AbstractHard anodized (HA) and micro arc oxidation (MAO) coatings of identical thickness were deposited on two different high strength aluminum (Al) alloys namely, 2024‐T3 and 7075‐T6. Further, as received Al alloys were also subjected to shot peening (SP) to induce subsurface compressive residual stresses followed by the MAO coating deposition (SP + MAO). The average velocity of particle‐in‐flight during the SP process was measured and utilized to calculate the kinetic energy of the peening particles. The bare and coated alloys were subjected to completely reversed stress (R = −1) rotating beam high cycle fatigue tests at five different stress levels. In addition, the bare and coated alloys were also evaluated for their tensile properties, elemental composition, phase constituents, surface, and cross‐sectional morphologies including the surface roughness (Ra, Rz) and correlated the same with the corresponding fatigue behavior. Irrespective of substrate alloy composition and stress levels investigated, the duplex SP + MAO treatment resulted in significant fatigue life enhancement over and above the fatigue life of corresponding bare (not shot peened) Al alloy, while the hard anodized and plain MAO (both without prior shot peening) continue to exhibit significant fatigue debit.

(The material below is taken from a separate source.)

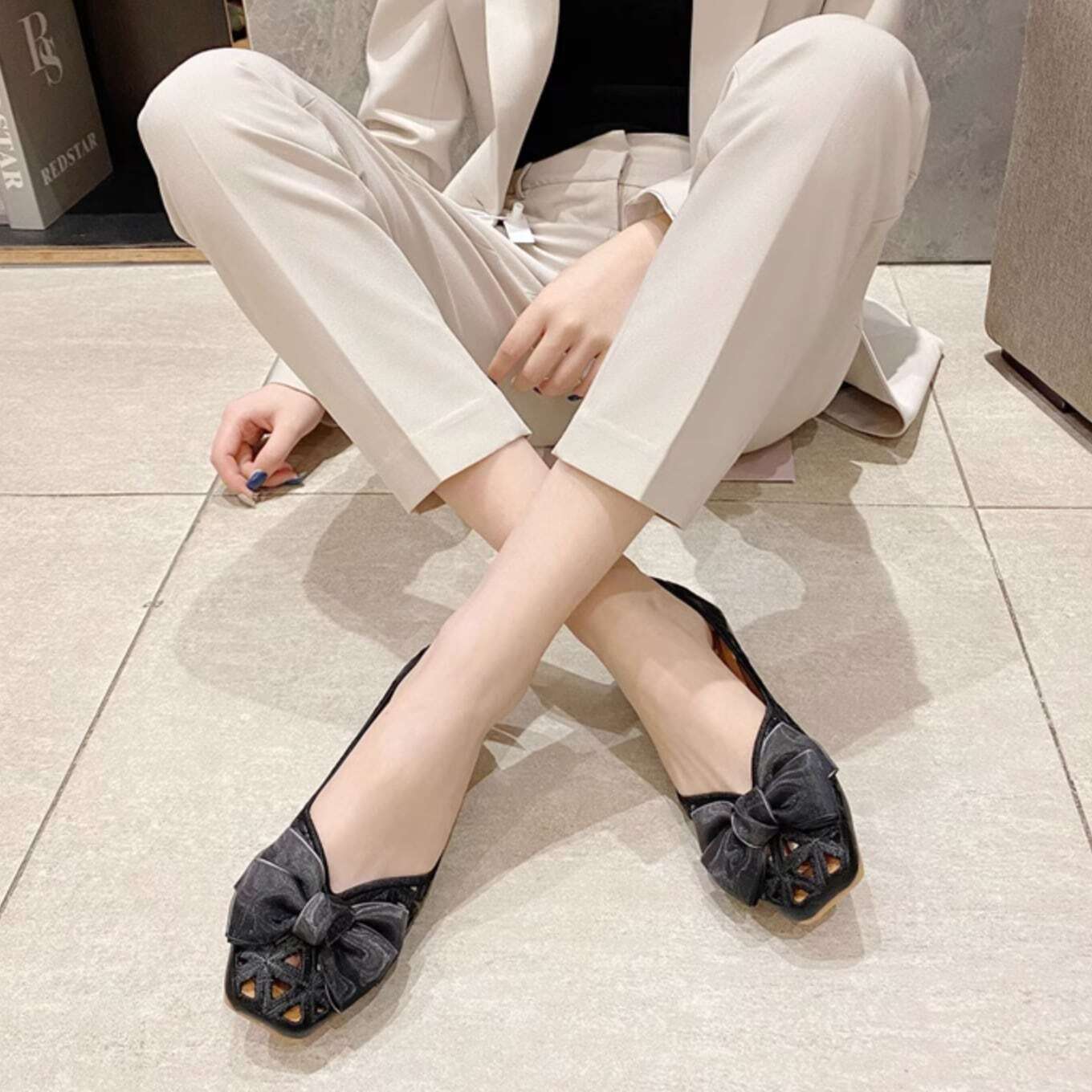スタイリッシュなスクエアトゥが足元をすっきりと見せてくれるのも嬉しいポイント。

Driven by the compressive residual stresses present beneath the subsurface region of SP + MAO coating interface, fractured surface examination of SP + MAO coatings clearly highlights the crack‐branching associated multiple crack deflection as the predominant operative mechanism responsible for diminishing the crack growth rate and therefore enhance the fatigue life as compared with the near linear crack extension without significant deflections leading to relative premature failure of plain MAO coated alloys.